Introduction to multicast

As a technique that coexists with unicast and broadcast, the multicast technique effectively addresses the issue of point-to-multipoint data transmission. By enabling high-efficiency point-to-multipoint data transmission over a network, multicast greatly saves network bandwidth and reduces network load.

By using multicast technology, a network operator can easily provide bandwidth-critical and time-critical information services. These services include live webcasting, Web TV, distance learning, telemedicine, Web radio, and real-time video conferencing.

Information transmission techniques

The information transmission techniques include unicast, broadcast, and multicast.


In unicast transmission, the information source must send a separate copy of information to each host that needs the information.

Figure 1 Unicast transmission


In Figure 1, Host B, Host D, and Host E need the information.

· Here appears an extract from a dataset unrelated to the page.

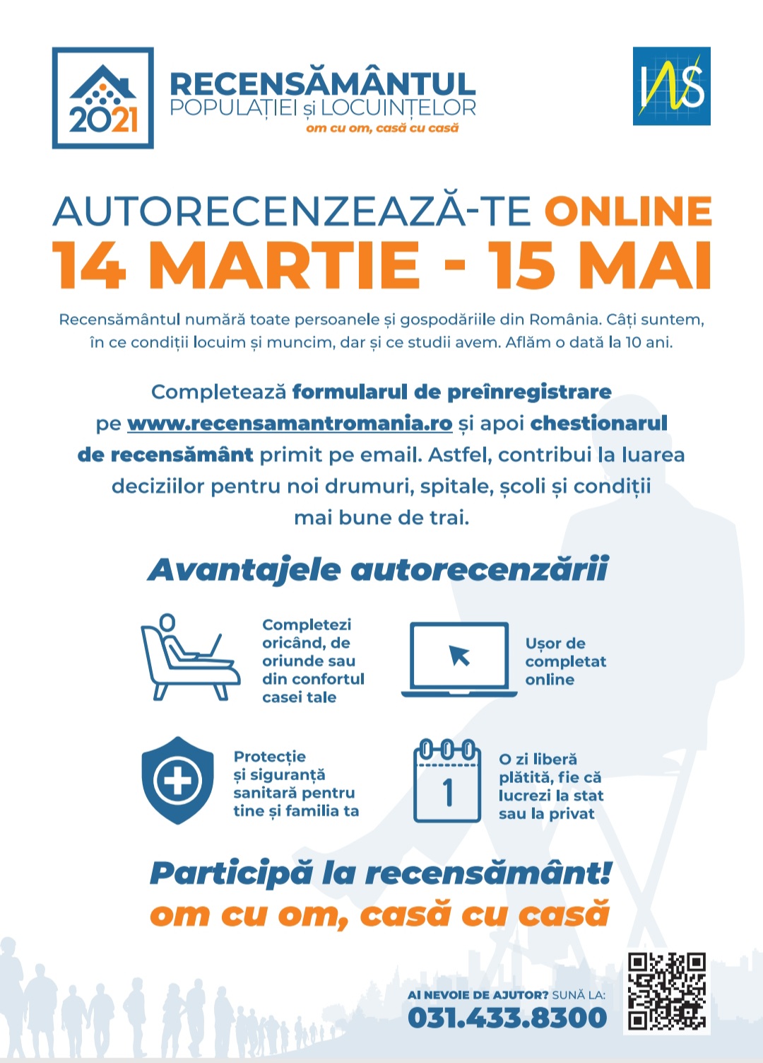 Prin completarea online a datelor de fiecare dintre noi, de pe orice smartphone, de pe tabletă, laptop sau calculator, nu mai este nevoie de vizita recenzorului în a doua perioadă de colectare 16 mai – 17 iulie, activitate în care colectarea datelor se va face în teren prin interviuri faţă în faţă.

A separate transmission channel must be established from the information source to each of these hosts.

In unicast transmission, the traffic transmitted over the network is proportional to the number of hosts that need the information. If a large number of hosts need the information, the information source must send a separate copy of the same information to each of these hosts. Sending many copies can place a tremendous pressure on the information source and the network bandwidth.

Unicast is not suitable for batch transmission of information.

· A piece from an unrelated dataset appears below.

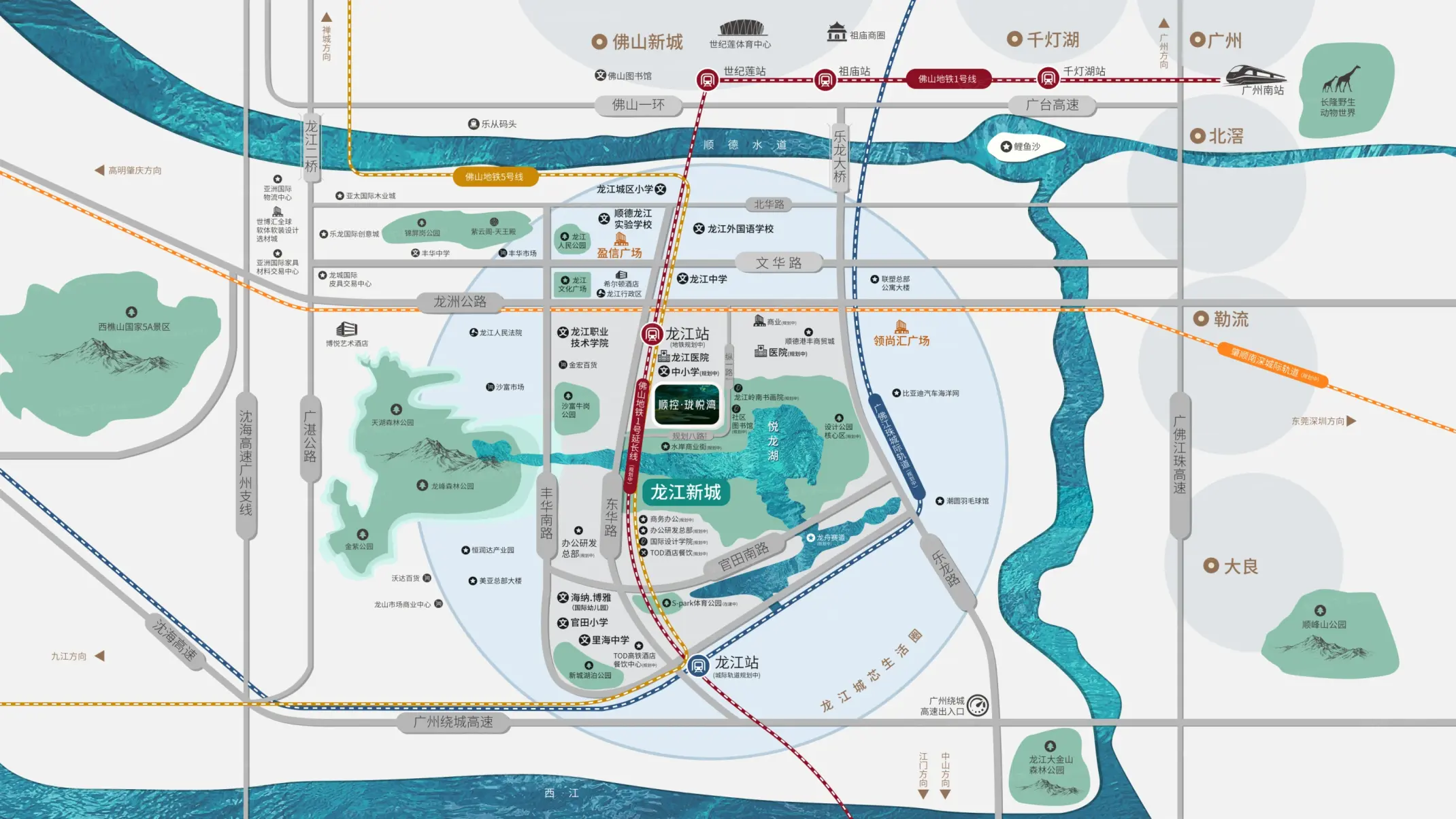 顺控·珑悦湾项目在售7座和8座高层大户型一线湖景住宅产品,楼高26层,产品主推建面约248-288㎡大平层单位,带简单装修,均价12000-13000元/㎡,预计2026年9月交房。项目位于佛山市顺德区龙江镇文华路,属于龙江新城板块。

In broadcast transmission, the information source sends information to all hosts on the subnet, even if some hosts do not need the information.

Figure 2 Broadcast transmission


In Figure 2, only Host B, Host D, and Host E need the information. If the information is broadcast to the subnet, Host A and Host C also receive it. In addition to information security issues, broadcasting to hosts that do not need the information also causes traffic flooding on the same subnet.

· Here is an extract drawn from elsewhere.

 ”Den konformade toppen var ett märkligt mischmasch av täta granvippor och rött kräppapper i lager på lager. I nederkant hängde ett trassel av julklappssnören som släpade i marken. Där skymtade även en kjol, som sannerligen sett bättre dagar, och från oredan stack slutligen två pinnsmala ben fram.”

Broadcast is disadvantageous in transmitting data to specific hosts. Moreover, broadcast transmission is a significant waste of network resources.


Multicast provides point-to-multipoint data transmissions with the minimum network consumption. When some hosts on the network need multicast information, the information sender, or multicast source, sends only one copy of the information. Multicast distribution trees are built through multicast routing protocols, and the packets are replicated only on nodes where the trees branch.

Figure 3 Multicast transmission


In Figure 3, the multicast source sends only one copy of the information to a multicast group. Host B, Host D, and Host E, which are information receivers, must join the multicast group. The routers on the network duplicate and forward the information based on the distribution of the group members. Finally, the information is correctly delivered to Host B, Host D, and Host E.

To summarize, multicast has the following advantages:

·     Advantages over unicast—Multicast data is replicated and distributed until it flows to the farthest-possible node from the source. The increase of receiver hosts will not remarkably increase the load of the source or the usage of network resources.

·     Advantages over broadcast—Multicast data is sent only to the receivers that need it. This saves network bandwidth and enhances network security. In addition, multicast data is not confined to the same subnet.

Multicast features

·     A multicast group is a multicast receiver set identified by an IP multicast address. Hosts must join a multicast group to become members of the multicast group before they receive the multicast data addressed to that multicast group. Typically, a multicast source does not need to join a multicast group.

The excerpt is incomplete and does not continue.